Aside: Identifying Deadlocks

It would probably be useful to identify the locks from the DB itself. Below is a nifty little query that does exactly that:

do_locks_exist.sql
SELECT EXISTS (
SELECT
    1
FROM
    pg_stat_activity ps
    JOIN pg_locks pl on ps.pid = pl.pid
WHERE
    pl.relation = 'schema.my_table'::regclass
    AND NOT pl.granted
    AND ps.datname = current_database();
);

The “Hack”

The query alone obviously isn’t helpful, so we can “hack” a solution - something that I quickly cobbled up together to patch this issue. All that needs to be done is to duplicate the view and treat the duplicate as a backup in case the primary view fails. Now here me out — this is far from the ideal solution — but it works to a good extent. At the time, we settled for this work-around as upgrades on our servers were interfering with our judgement. Hence, we settled for the most basic approach.

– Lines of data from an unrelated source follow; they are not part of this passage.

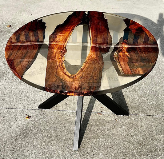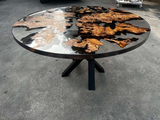 Riflesso - Tavolo da pranzo rotondo in legno e resina
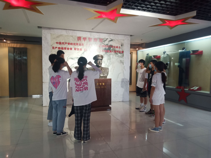 7月27日上午,“传承红色基因,致敬建党百年”小分队来到金寨县红军广场前集合,途中经过烈士陵园和革命烈士纪念馆。同学们怀着沉重的心情踏上每一层阶梯,每个人心中都怀着一颗报国心,看着刻在纪念塔上的显目的文字足以让国人牢牢记住不堪的过往。紧接着同学们来到金寨红军烈士墓园,尽管即使是阳光明媚的早晨,每个人的脸上却还是格外庄重严肃。中国共产党自成立至如今已有整整百年历史,同学们在“峥嵘岁月,辉煌百年”八个大字下,深刻感受中国人民面对苦难时奋起抗争、百折不挠的磅礴力量,随后同学们来到此番行程的末站——革命烈士纪念馆,在这里记录了396位中华人民共和国成立前牺牲的团级以上红军烈士英名,每一位都曾对国家做过巨大贡献,其中洪学智将军是我军现代后勤工作的奠基人物开拓者,为粉碎美军对于志愿军后勤保障所进行的绞杀战作出了重要贡献。同学们在重要革命烈士纪念馆中深入了解党史,走近革命时代,感受军民血肉情。
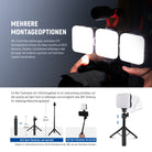 Mehrfach kombinierbar und leicht zu tragen- Mit den Abmessungen 8x6,5x0,3cm kompakt und leicht zu tragen. Ein Cold Shoe montage Adapter mit 1/4" Innengewinde an der Unterseite ermöglicht die Montage des streaming Lichts an Kameras oder Stativen. 3 Cold Shoe Halterungen an beiden Seiten und oben ermöglichen die Montage von Mikrofonen und anderem Fotozubehör. Ein Mini Tischstativ mit 1/4" Kugelkopf wird mitgeliefert, um Studiolicht auf Tischplatte zu halten, und ermöglicht eine 360° Drehung

With this approach, one need simply check if there exists a lock on the view. The implementation of the doesViewContainLock() method is given above.

MVRefreshScheduler.java
public class MVRefreshScheduler {
  @Autowired
  private UtilRepository utilRepository;
 
  @Scheduled(cron = "*/m * * * *")
  public void refreshMV() {
    if (!schedulerEnabled) {
      log.warn("MVRefreshScheduler not enabled");
      return;
    }
 
    try {
      utilRepository.callRefresh();
      if (utilRepository.doesViewContainLock("schema.mv_primary")) {
        utilRepository.callRefreshBackup();
      } else {
        utilRepository.callRefreshPrimary();
      }
    } catch (Exception e) {
      log.error(e);
    }
  }
}

Show Me The Real Solution

What if I told you there was a way to access the materialized view while it was still being refreshed? Postgres allows the REFRESH MATERIALIZED VIEW [CONCURRENTLY] option whose sole purpose is to allow allow the materialized view to remain accessible for reads during the refresh process. The single prerequisite is that the materialized view requires a UNIQUE index on it. You could even schedule these refreshes just as we did the standard refresh.

Remarks

PostgreSQL’s materialized views can really boost performance in applications that handle a lot of data. But to get the most out of them, it’s important to use the REFRESH MATERIALIZED VIEW [CONCURRENTLY] command effectively. Even with automated solutions as described, (1) there is still some overhead in maintaining the scheduler job, and (2) there will be stale data between refreshes.